I thought I’d weigh in on the American Board of Internal Medicine (ABIM) recertification process after reading an excellent article on it today. After all, I’ve been through the process several times, most recently enduring it in 2012. I was lucky enough to be “grandfathered” with regard to my Internal Medicine and Cardiology board certifications. Unfortunately no such option exists for my Cardiac Electrophysiology board certification, it having been created in 1992 after the ABIM wised up the fact that life-time certifications were not profitable. Thus there was no option but to renew the certification in 2002 and 2012, which I duly did, much to my distress. I know a few physicians who claim to enjoy taking these tests, even retaking a certification exam that they are grandfathered into. More power to them. There are a few masochists in every crowd. But the ABIM is determined to take away even their fun, by ramping up the Maintenance of Certification (MOC) requirements to the point that even the most committed connoisseur of the painful is bound to cry uncle.
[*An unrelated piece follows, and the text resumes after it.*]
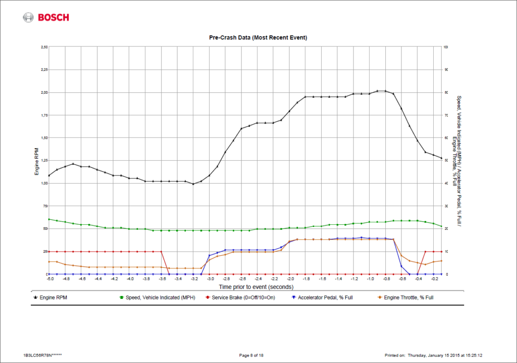 Typical data available from the five seconds before impact include, longitudinal and lateral maximum changes in velocity, longitudinal and lateral accelerations, vehicle speed, engine RPM, application of the throttle, application of the brake, steering inputs and data on occupants including which seats were occupied, the seat positions and which seatbelts were in use.

There are two aspects to recertification. First there is the test that one takes for an exorbitant fee every ten years. Note that physicians are already required to take many hours of Continuing Medical Education (CME) courses per year (which is another scam, but I will pass over that for now). All the physicians I know are very interested in keeping as current as possible in their specialty and don’t require external incentives like mandatory CME or board recertification to do so. Even if one is cynical and refuses to believe that physicians do things like this for the sake of delivering the best patient care, one should at least grant that medicine is a business and it is necessary to keep up to stay competitive with other physicians. Nevertheless in addition to mandatory CME the recertification exam pops up every ten years, and one risks being ostracized if it is not taken and passed. Unfortunately I can’t say much about the test itself. Before I took it I signed a form (in blood, I think) that forbad me from revealing anything about the test. I do know something about how the questions are selected. When I was in academics I, like many of my academic colleagues, was asked to submit 4 questions on electrophysiology to the board. These questions and the hundreds of others sent in were reviewed by the ABIM question selection committee (which I believe was also primarily made up of academicians) who then picked out the actual test questions. I remember when I made up my questions I made an effort to come up with something obscure or tricky. Having taken the test before, it seemed that those were the kinds of questions the board liked. Apparently the process hasn’t changed, judging by the types of questions on the most recent test I took in 2012.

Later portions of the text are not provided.